Ideals of Herzog-Northcott type

TL;DR

This paper explores a broad class of ideals generated by 2x2 minors of matrices with entries as powers of three elements, analyzing their algebraic properties, prime and radical nature, and liaison characteristics, extending prior work on monomial curves.

Contribution

It generalizes the study of ideals related to monomial curves by identifying them as Northcott ideals, analyzing their set-theoretic complete intersection property, and characterizing their prime and radical structures.

Findings

Ideals are set-theoretically complete intersections.

Characterization of when these ideals are prime.

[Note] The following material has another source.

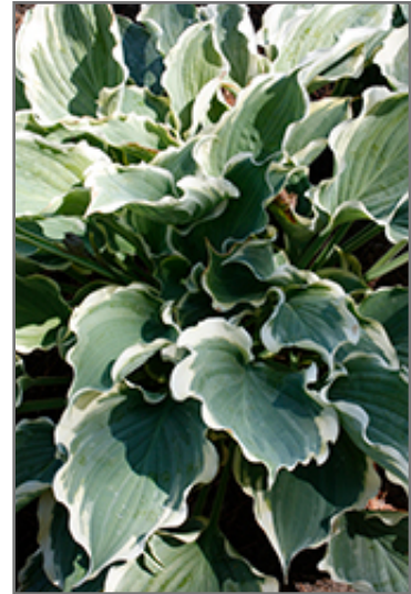
Shadowland Hope Springs Eternal Hosta foliage

Shadowland Hope Springs Eternal Hosta is recommended for the following landscape applications;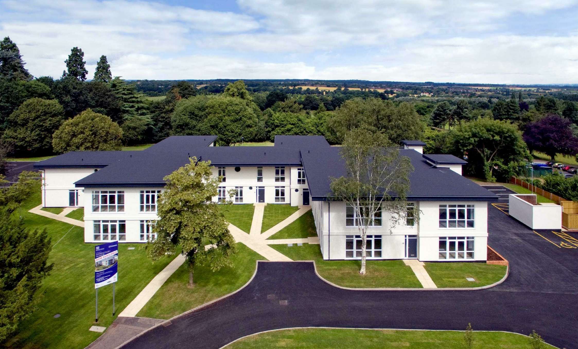
19 Danescourt Manor, Danescourt Road Tettenhall, Wolverhampton, West Mids, WV6 9BH

Examples of characteristic-dependent prime and primary structures.

Abstract

This paper takes a new look at ideals generated by 2x2 minors of 2x3 matrices whose entries are powers of three elements not necessarily forming a regular sequence. A special case of this are the ideals determining monomial curves in three dimensional space, which were already studied by Herzog. In the broader context studied here, these ideals are identified as Northcott ideals in the sense of Vasconcelos, and so their liaison properties are displayed. It is shown that they are set-theoretically complete intersections, revisiting the work of Bresinsky and of Valla. Even when the three elements are taken to be variables in a polynomial ring in three variables over a field, this point of view gives a larger class of ideals than just the defining ideals of monomial curves. We then characterize when the ideals in this larger class are prime, we show that they are usually radical and, using the theory of multiplicities, we give upper bounds on the number of their minimal prime ideals, one of these primes being a uniquely determined prime ideal of definition of a monomial curve. Finally, we provide examples of characteristic-dependent minimal prime and primary structures for these ideals.